**WHAT THE EXERCISE ASKS**
The lines below, from the one holding "광주시 북구 문화동 어금니" through the final line, are to be copied exactly, with no other lines and no pictures.

**PROVIDED DATA**

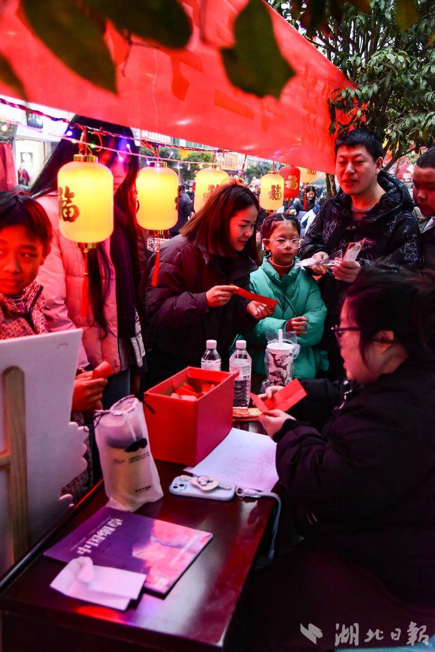 对联桌前排起长龙,墨迹未干就被捧走;文虎廊下,一家老少仰头猜谜,答对的从规定所干警手里接过奖品;套圈区惊叫迭起,扎气球砰砰作响;篝火边,孩子们拉手转圈;相亲角灯光微暖......
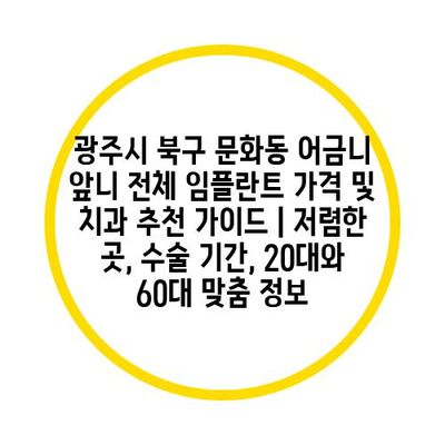 광주시 북구 문화동 어금니 앞니 전체 임플란트 가격 및 치과 추천 가이드 | 저렴한 곳, 수술 기간, 20대와 60대 맞춤 정보
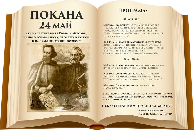 Заповядайте, уважаеми жители на община Петрич, да почетем с признателност 24 май!
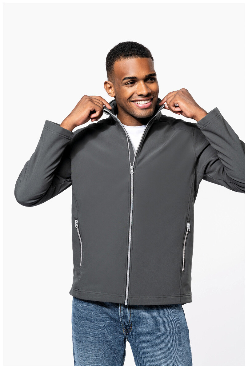 Dvouvrstvá softshellová bunda na zip s bočními kapsami na zip. S kontrastními zipy. Vodoodpudivá tkanina. Vnější strana: 95 % polyester a 5 % elastan. Vnitřní strana: 100% polyester micro polar fleece. Materiál: 300 g/m2. Výrobek značky Kariban.

**FINAL ANSWER**
 광주시 북구 문화동 어금니 앞니 전체 임플란트 가격 및 치과 추천 가이드 | 저렴한 곳, 수술 기간, 20대와 60대 맞춤 정보
 Заповядайте, уважаеми жители на община Петрич, да почетем с признателност 24 май!
 Dvouvrstvá softshellová bunda na zip s bočními kapsami na zip. S kontrastními zipy. Vodoodpudivá tkanina. Vnější strana: 95 % polyester a 5 % elastan. Vnitřní strana: 100% polyester micro polar fleece. Materiál: 300 g/m2. Výrobek značky Kariban.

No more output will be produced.